* **AIM OF THE EXERCISE**: Restate the data exactly as given and keep the pictures out.

* **GIVEN INFORMATION**:

::::::::

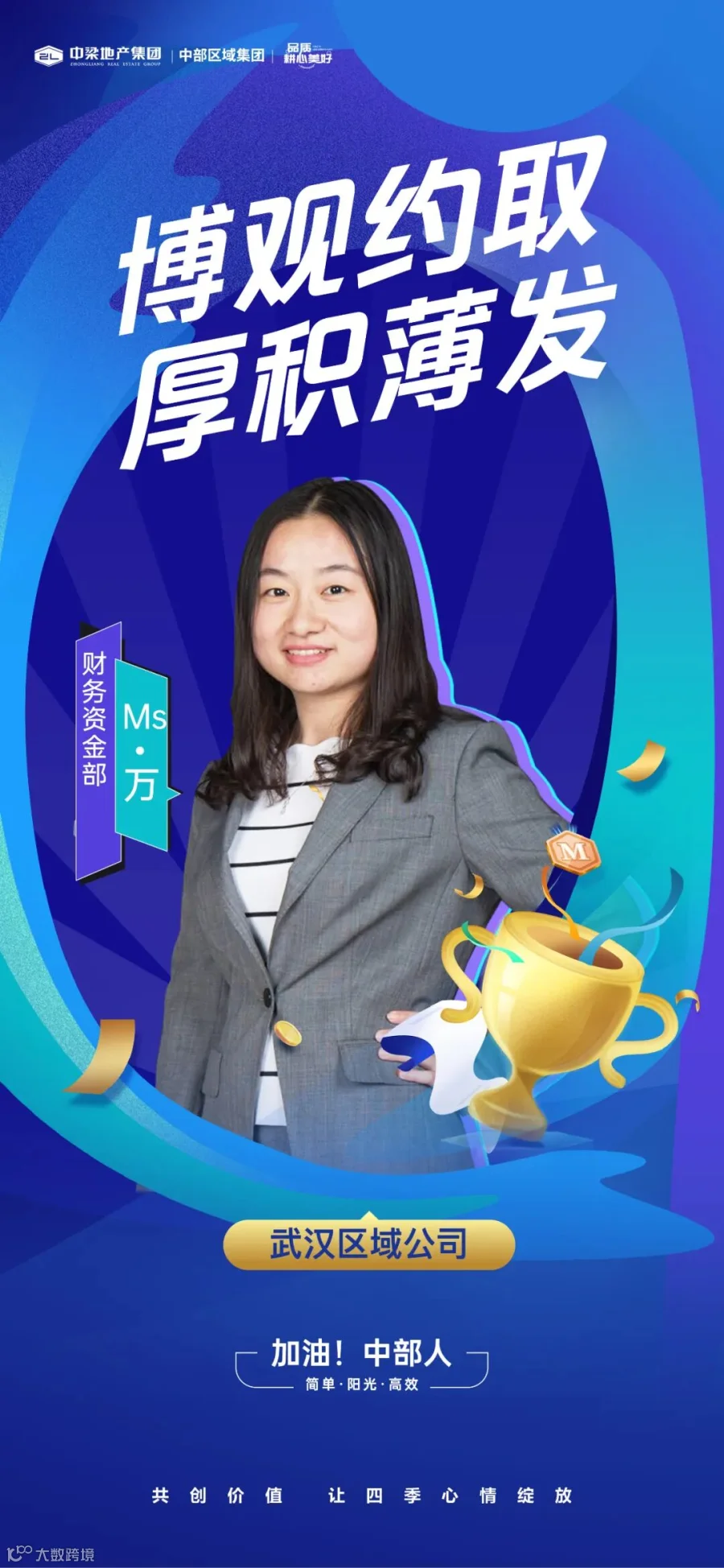 自加入中梁开始,Ms.万便快速进入角色,高效完成各项工作任务,秉承业财融合、助力经营的理念为领导决策提供数据支持及财务分析,践行契约精神确保合作方管理标准动作落地率100%,统筹区域全面预算的填报、复核及整改工作,不断夯实数据,取得了7月考核集团第六,9月考核集团第八的成绩。
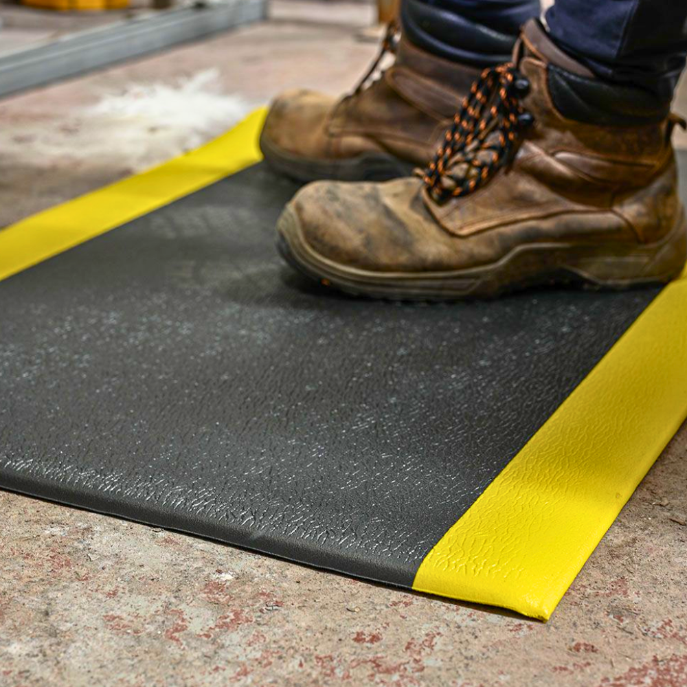 Now, you can tailor the mat to your preference with a choice of three surface textures - Pebble, Ribbed, or Diamond pattern - offering more options to suit different workplaces. Each texture performs equally well, so your choice comes down to personal style. You can also choose between Black or Grey mats, with the optional yellow safety borders helping to reduce trip accidents and mark safe walkways.
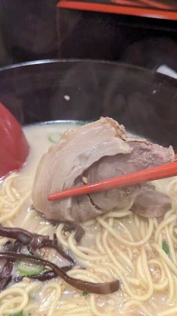 麺はこれも山笠ラーメンで虜になった細い細いストレート麺。軽めでいくらでも食べたくなりますが、中華のコースを食べた帰り道だったので替玉は我慢しました。

::::::::

* **SOLUTION FOR THIS TASK**:
 自加入中梁开始,Ms.万便快速进入角色,高效完成各项工作任务,秉承业财融合、助力经营的理念为领导决策提供数据支持及财务分析,践行契约精神确保合作方管理标准动作落地率100%,统筹区域全面预算的填报、复核及整改工作,不断夯实数据,取得了7月考核集团第六,9月考核集团第八的成绩。
 Now, you can tailor the mat to your preference with a choice of three surface textures - Pebble, Ribbed, or Diamond pattern - offering more options to suit different workplaces. Each texture performs equally well, so your choice comes down to personal style. You can also choose between Black or Grey mats, with the optional yellow safety borders helping to reduce trip accidents and mark safe walkways.
 麺はこれも山笠ラーメンで虜になった細い細いストレート麺。軽めでいくらでも食べたくなりますが、中華のコースを食べた帰り道だったので替玉は我慢しました。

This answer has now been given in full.